Ladies and gentlemen… boys and ghouls…
Step right up for a prehistoric delight,
He’s sharp, he’s snappy,
And he’s been extinct longer than your ex’s attention span!”
Kabutops in a zoot suit, creepin’ from the tar,
Two scythes gleamin’ brighter than a used Dodge car.
Got that Beetlejuice grin, and a Disney villain stance,
Moonwalkin’ on fossils like it’s Thriller by chance.
Swingin’ those blades like Sinatra with a grin,
Drinkin’ gin with Jack Skellington, let the nightmare begin.
Claws on the radio, scratchin’ up the sound,
Prehistoric predator, the creepiest cat in town.
Tim Burton carnival, neon in the rain,
Kabutops cuts the dance floor like a Tarantino frame.
He’s the Alastor of the ocean, radio voice divine,
Sells souls for martinis with a twist of lime.
Netflix called, they want a docu-series deal,
“Tiger King, but with fossils” — baby, let’s seal.

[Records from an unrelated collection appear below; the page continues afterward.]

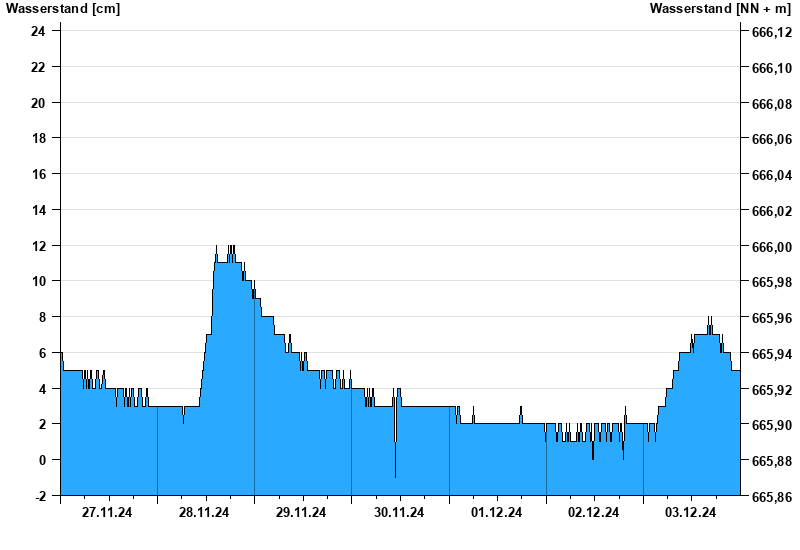 Messwerte beeinflusst durch Kraftwerkssteuerung und Kiesumlagerungen. Kiesanlandungen können bei Niedrigwasser Trockenlegung der Messinstrumente bewirken.
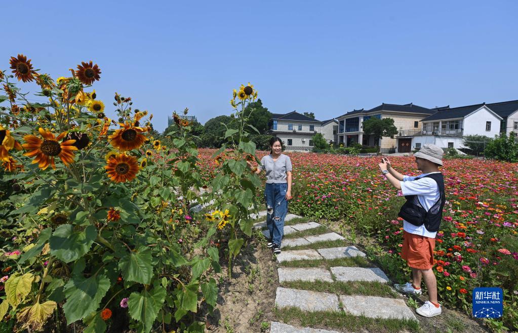 6月14日,游客在织里镇庙兜村的花海里拍照留影。
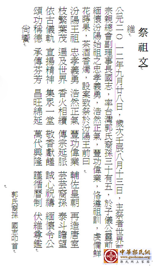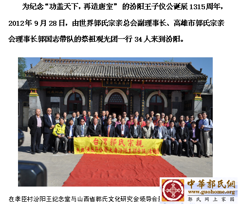 通过这一系列寻根谒祖、恳亲联谊、文化交流活动,加深了两岸友谊,增强家族凝聚,巩固了民族团结。我们衷心地感谢他们!热烈地祝贺他们!愿世界郭氏宗亲总会,继续为中华郭氏,为中华民族,做出新的更大的贡献!
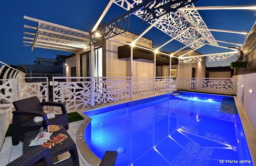 4.השימוש בבריכה ובמתקנים הנלווים הינו באחריות המתרחצים בלבד; אין מציל והאורחים מתחייבים להישמע לתדרוך והוראות בעלי הצימר.
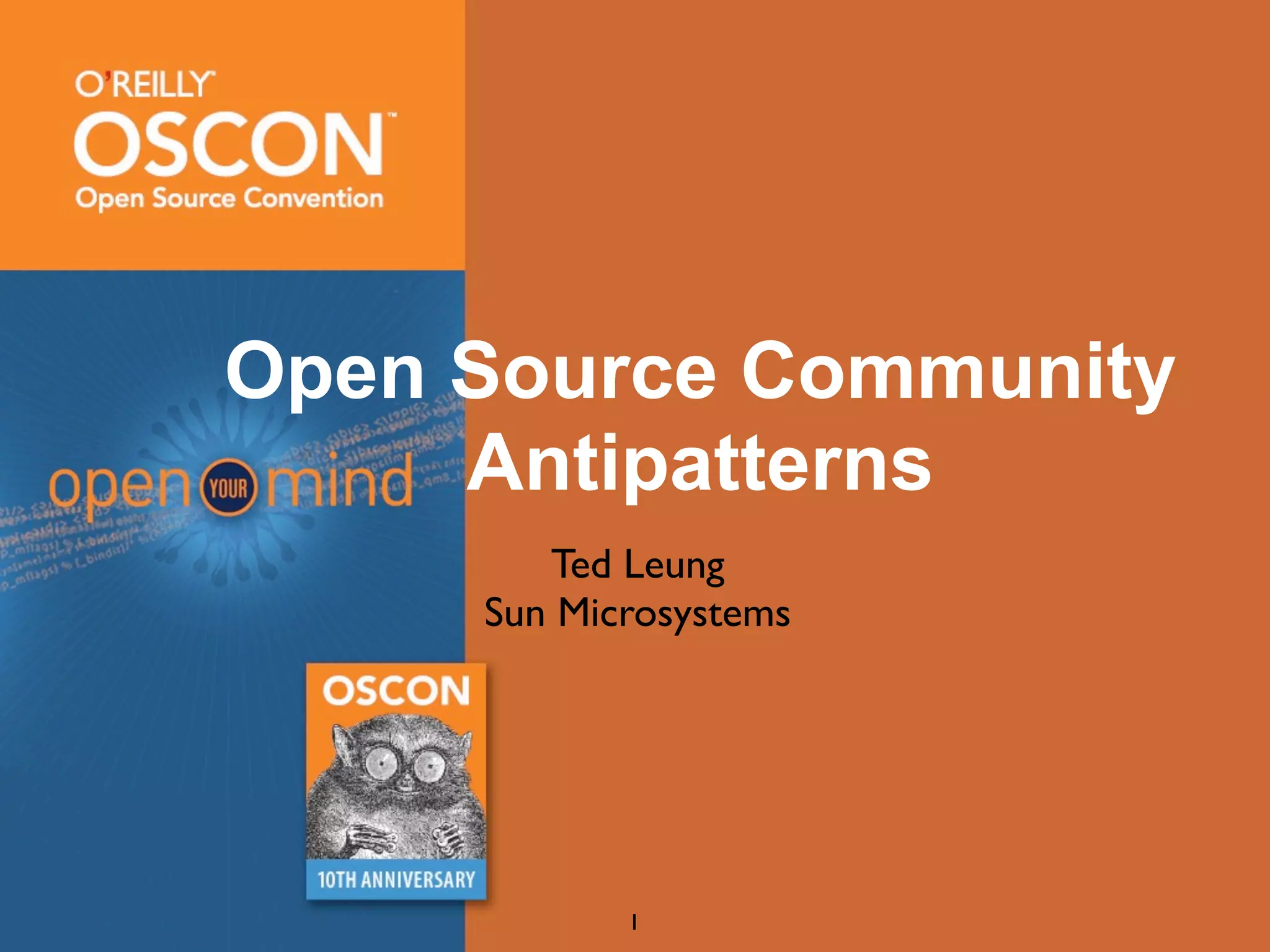This document outlines antipatterns that can harm open source communities. It discusses issues related to governance, communication, culture/environment, merit, decision making, leadership, balancing forces, and other concerns. Specific antipatterns mentioned include having too much or too little governance, keeping community operations private, being restrictive about approved communication channels, failing to actively pass on culture to newcomers, prioritizing rules over guidelines, making criteria for success vague, creating an unfriendly environment, believing merit can be absolutely measured, ignoring leadership needs, being partisan, making community building someone's job rather than developers, and centralizing by giving people turf. The document aims to help open source communities avoid these pitfalls.
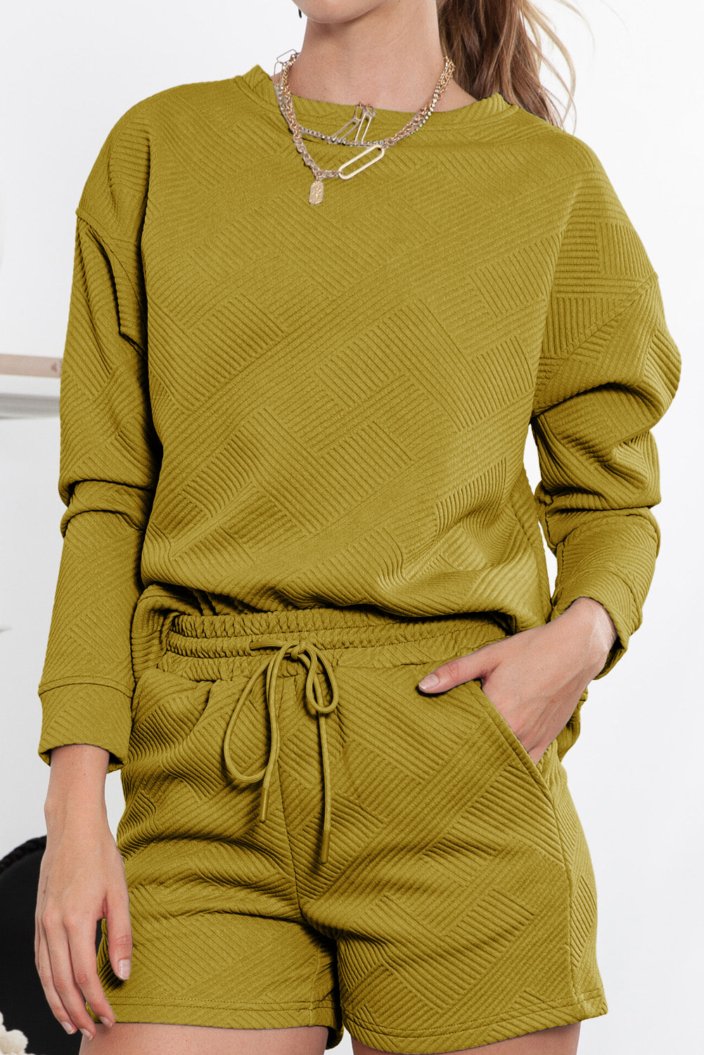 - Das Set besteht aus einem langärmligen Oberteil und passenden Shorts, beide aus strukturiertem Stoff in einem schicken Grauton.

Swingin’ with demons in a speakeasy haze,
Got Joker’s laugh and Gomez Addams’ gaze.
Claws on the radio, scratchin’ up the sound,
Prehistoric predator, the creepiest cat in town.
Silent-film murder with a Chaplin twirl,
Kabutops owns the night like a Burton girl.
Bridge (chaotic breakdown, circus vibes)
Step right up, folks, don’t lose your head,
He’ll slice you cleaner than your OnlyFans thread.
It’s TikTok fame with a murderous swing,
#KabutopsChallenge — watch the bodies fling!
He’s got swagger like Alastor, manners like a snake,
Plays roulette with Cthulhu, all gas, no brake.
In the underworld ballroom, he’s the master of show,
Sharp-dressed fossil in a monochrome glow.
Claws on the radio, tune into the sin,
Kabutops with a big band, let the bloodbath begin.
Creepy cabaret with a devilish tone,
Your prehistoric nightmare’s on the microphone.
“Ha-ha-ha-ha-ha!
Extinction? Oh darling… that was just the opening act.”